Recall that early last year, Sen. Kabiru Marafa, who represents Zamfara Central Senatorial District, captured the mood of the people in his report to his colleagues, when he disclosed that the state had been taken over by armed gangs.

He claimed that Zamfara state is now under the control of the militia and the state government know those who are terrorising the state, an allegation the government strongly denied, accusing the Senator of embarking on cheap publicity and positioning himself for governorship position. The feud between Gov. Yari and Sen. Marafa seems to have beclouded the enormous nature of the insecurity in the state. The elections are over, but not yet over in Zamfara.

But, try as he did, the allegation by governor Yari’s critics that he is hardly on his duty post, and therefore not being abreast with the real situation in the state, still sticks. The governor, perhaps overwhelmed by the challenges of insecurity in the state, last year called for emergency solution, just short of state of emergency in his state. 

The fact today is that the situation in Zamfara is desperate enough, and beyond the present blame game that has not helped matters at all.
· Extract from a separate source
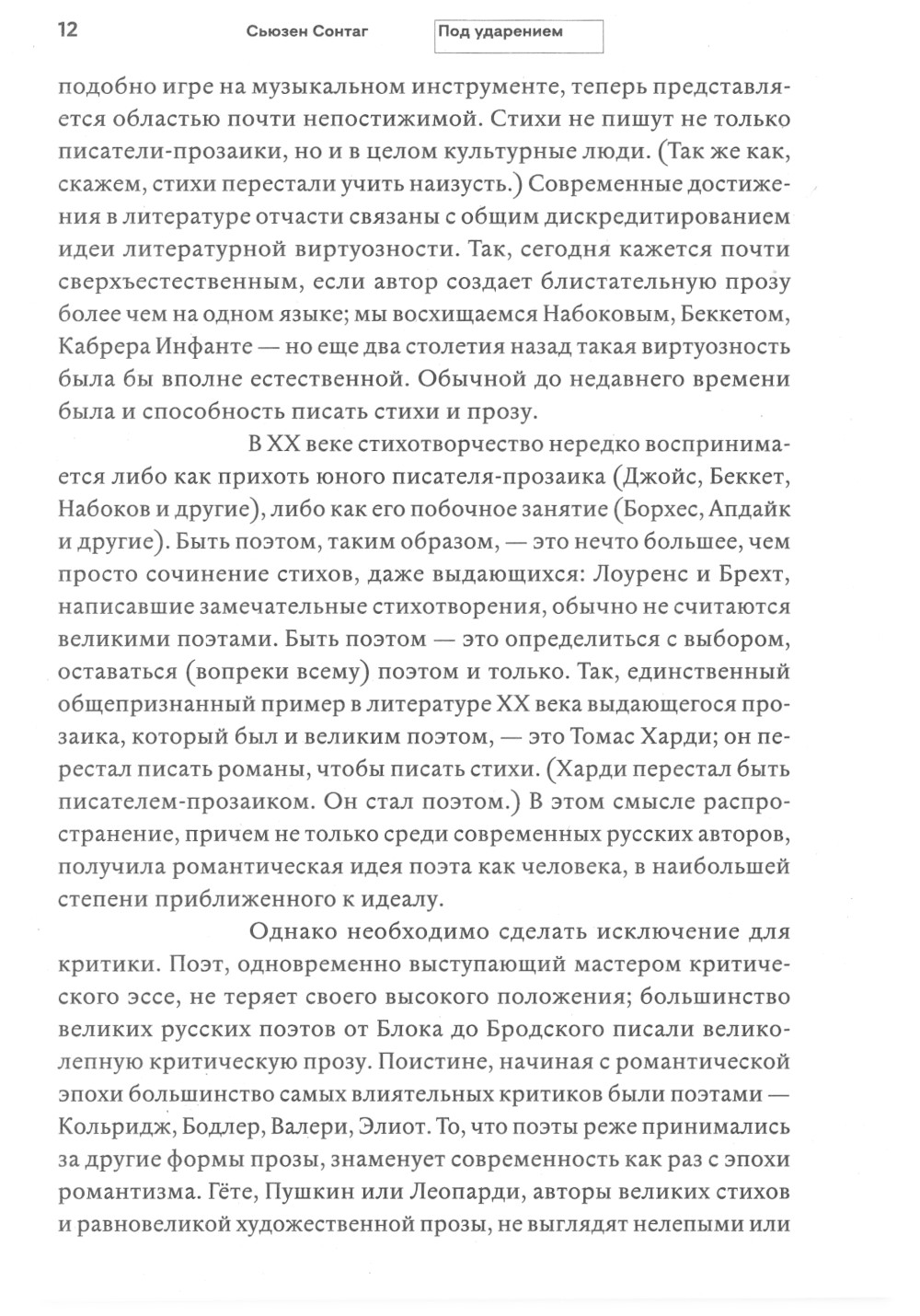 В этот последний изданный при жизни Сьюзен Сонтаг сборник ее эссе вошло более сорока текстов, написанных и опубликованных с 1982 по 2001 год. Он представляет собой серию, казалось бы, разрозненных критических работ, объединенных в три раздела: «Чтение», где Сонтаг утверждает новые литературные каноны - произведения Машаду де Ассиза и Роберта Вальзера, - «Взгляд», в котором писательница дает проницательные и экспрессивные комментарии о фотографии и кинематографе, и «Там и здесь» - ряд заметок, посвященных рефлексии на тему собственного творческого пути. Но по мере прочтения тексты Сонтаг, неизменно эмоциональные и лирические, складываются в единую картину ее неповторимого видения мира искусства и своего места в нем.| Издательство | Ад Маргинем Пресс |

Zamfara calls for urgent help, not a resort to self-help or fatalism.

This was the type of attitude one of the leaders from the state put up, when at the height of meningitis scourge in the state and the attendant death toll, he casually dismissed it as punishment from God on the people for their high incidence of immorality. What the people of Zamfara need is practical solution to end the present insecurity and killings in the state.

The task to get it right this time around, is becoming more demanding, and perhaps slipping away. The present situation must be reversed. But bad as it is now, it is the burden the state has to live with unless the current efforts to bring back normalcy in the state succeed.  On the governance scale, the fate of the citizens hangs in the balance few weeks to the inauguration of new administrations across the country.

The uncertainty is as a result of a recent judgment of the Court of Appeal, sitting in Sokoto, which voided all elected officials on the platform of the All Progressives Congress (APC) in the state. This is the result of crisis that attended the party’s primaries last year. If the Supreme Court affirms the decision of the appellate court, Zamfara might be in a constitutional crisis with far reaching implications than we can imagine.